→ **RECORDS SHOWN**
•••••
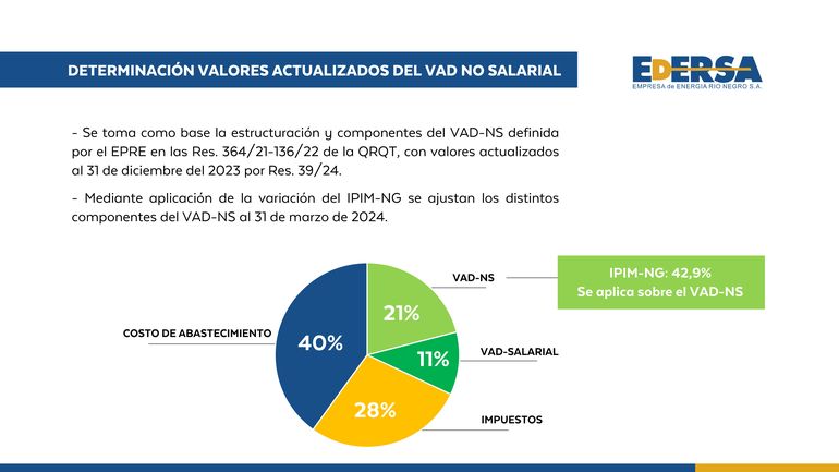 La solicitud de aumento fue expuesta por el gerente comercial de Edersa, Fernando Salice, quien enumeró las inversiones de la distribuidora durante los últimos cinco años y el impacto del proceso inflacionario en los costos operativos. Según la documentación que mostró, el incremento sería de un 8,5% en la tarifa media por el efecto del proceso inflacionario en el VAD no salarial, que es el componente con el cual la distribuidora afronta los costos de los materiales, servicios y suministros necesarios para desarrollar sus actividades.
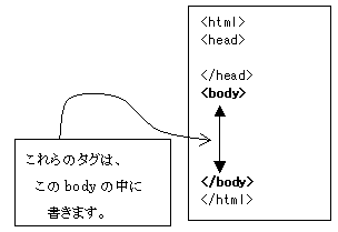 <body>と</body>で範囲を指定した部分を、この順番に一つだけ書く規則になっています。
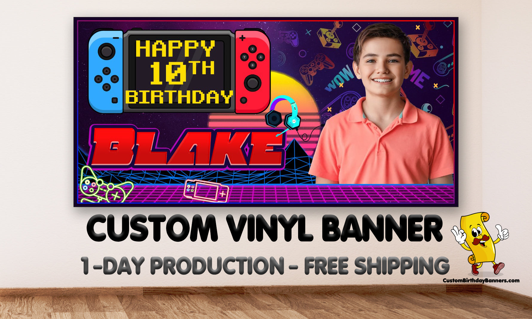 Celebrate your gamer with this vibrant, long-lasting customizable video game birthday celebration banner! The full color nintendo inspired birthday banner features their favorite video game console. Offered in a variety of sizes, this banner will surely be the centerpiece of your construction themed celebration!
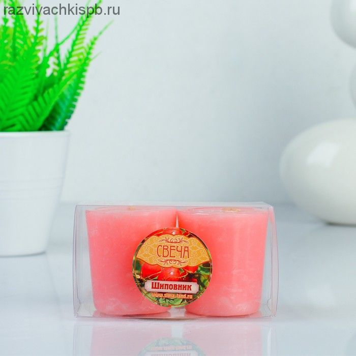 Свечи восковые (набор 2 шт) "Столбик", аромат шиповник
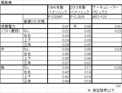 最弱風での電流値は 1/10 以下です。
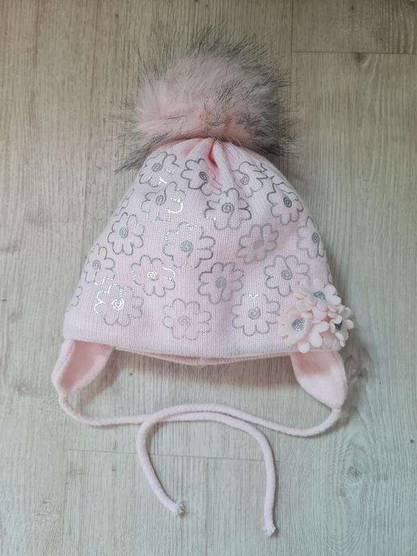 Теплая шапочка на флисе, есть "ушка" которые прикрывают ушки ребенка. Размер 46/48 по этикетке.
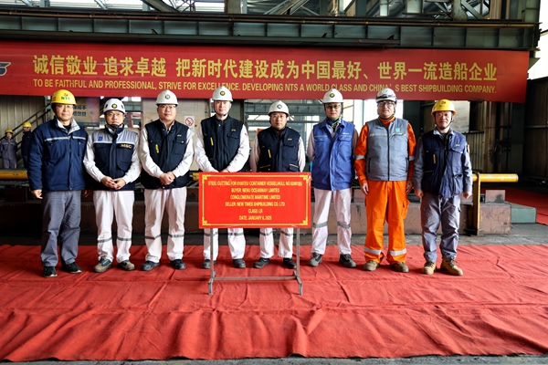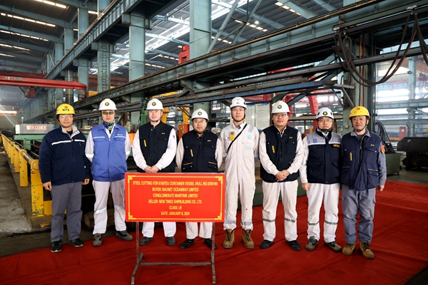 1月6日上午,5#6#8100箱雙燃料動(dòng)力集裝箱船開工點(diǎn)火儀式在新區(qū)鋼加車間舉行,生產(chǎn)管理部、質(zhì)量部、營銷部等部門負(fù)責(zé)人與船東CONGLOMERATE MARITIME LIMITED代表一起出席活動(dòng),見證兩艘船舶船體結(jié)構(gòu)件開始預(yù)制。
•••••
→ **ACTION ITEM**
Copy exactly, and copy nothing else: the lines from the start of the data above through the line that holds "Теплая шапочка на". The pictures stay out.

→ **OUTPUT FOR THIS EXERCISE**
 La solicitud de aumento fue expuesta por el gerente comercial de Edersa, Fernando Salice, quien enumeró las inversiones de la distribuidora durante los últimos cinco años y el impacto del proceso inflacionario en los costos operativos. Según la documentación que mostró, el incremento sería de un 8,5% en la tarifa media por el efecto del proceso inflacionario en el VAD no salarial, que es el componente con el cual la distribuidora afronta los costos de los materiales, servicios y suministros necesarios para desarrollar sus actividades.
 <body>と</body>で範囲を指定した部分を、この順番に一つだけ書く規則になっています。
 Celebrate your gamer with this vibrant, long-lasting customizable video game birthday celebration banner! The full color nintendo inspired birthday banner features their favorite video game console. Offered in a variety of sizes, this banner will surely be the centerpiece of your construction themed celebration!
 Свечи восковые (набор 2 шт) "Столбик", аромат шиповник
 最弱風での電流値は 1/10 以下です。
 Теплая шапочка на флисе, есть "ушка" которые прикрывают ушки ребенка. Размер 46/48 по этикетке.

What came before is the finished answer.